Mean timeseries length: 874.8405599603568
Max timeseries length: 2475
Min timeseries length: 138
Variance across all timeseries: 95035.90309720873


Variance is high!

In [None]:
import matplotlib.pyplot as plt
import numpy as np
from scipy.stats import pearsonr

corr, _ = pearsonr(lengths_arr, targets_length_arr)

plt.scatter(lengths_arr, targets_length_arr)
plt.title(f"Scatter plot showing correlation between timeseries length and target length with correlation = {corr:.2f}")
plt.xlabel("Timeseries Length")
plt.ylabel("Target Length")
plt.grid(True)
plt.show()

This shows that there is a fairly strong correlation between timeseries length and target sentence length, with the Pearson's Correlation Coefficient of 0.71. But you may be wondering, what are those outliers? What are the long sentences? And which sentences relate to the longest timeseries? Let's take a look at that.

In [None]:
print("Sentences with Length Greater than 80 Characters: \n")
count = 0

for i in lengths_vs_target:
    if len(i[1]) > 80:
        print("Sentence " + str(count) + ": " + i[1])
        count += 1

Interestingly, the sentences above are all testing sentences it seems, potentially before the participant was ready. Should we throw these out? I feel like there's a chance they will throw off the data.

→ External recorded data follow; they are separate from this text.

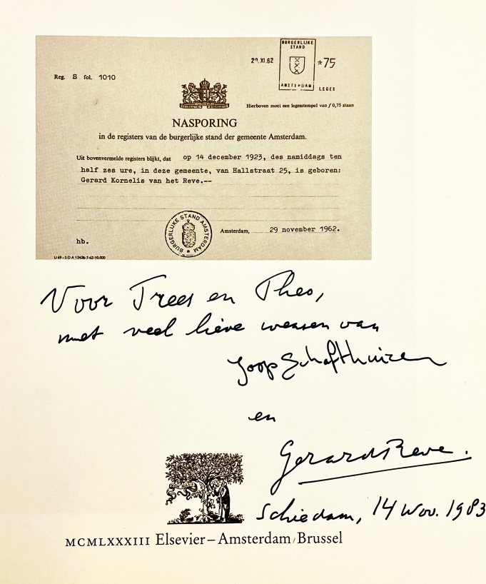 * Exemplaar met handgeschreven opdracht van de auteur op de titelpagina: ‘Voor Trees en Theo [Moolhuysen-Coenders],/ met veel lieve wensen van/ Joop Schafthuizen/ en/ Gerard Reve/ Schiedam, 14 Nov. 1983’. Schafthuizen schreef zelf zijn naam in de opdracht.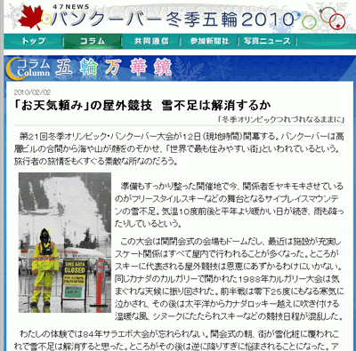 全国47都道府県52新聞社と共同通信の連合ニュースサイト 47NEWS(よんななニュース)は3日、バンクーバー冬季オリンピックの特集ページ(http://www.47news.jp/sports/olympics/vancouver/)を開設しました。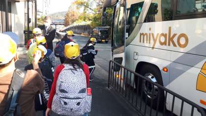 バスで移動する際,写真では少し見にくいですが,乗車前に確実に手指消毒を行います。車内でもマスクを着用しています。

One thing I am intrigued by is whether the longest timeseries length sentences relate to more complex sentences. Let's look at the longest timeseries.

In [None]:
print("Sentences with Timeseries Length greater than 2000")

count = 0
for i in lengths_vs_target:
    if int(i[0]) > 2000:
        print("Sentence " + str(count) + ": " + i[1] + " Timeseries length: " + str(i[0]))
        count += 1

Interestingly, some of these sentences seem to relate to complex ideas: "This is not a suitable method to measure and rank the value of coins." and "The Dallas Cowboys are going to have a problem if their quarterback gets hurt." while some seem to relate to very simple things "I like how they tell it." and "If they work at it a little bit." Note to check in on how the study was conducted, how did they decide how long to pull in timeseries data? The brain likely doesn't just go blank once the thought is complete, so was it up to the study director to decide when to stop recording?

In [None]:
print("Sentences with Timeseries Length less than 300: \n")

count = 0
for i in lengths_vs_target:
    if int(i[0]) < 300:
        print("Sentence " + str(count) + ": " + i[1] + " Timeseries length: " + i[0])
        count += 1

What is the meaning of those [DO NOTHING] and [RIGHT HAND - CLOSE]? And what is up with "What's his whim to decide it should be two months?" That seems to be a strangely long sentence for the timeseries length, as well as being a strange phrasing. It doesn't seem like incredibly natural speech to me, might need to throw that piece of data out too.

Might need to tweak the model so that it relies more on the single words than the context, because the sentence correlations are not strong.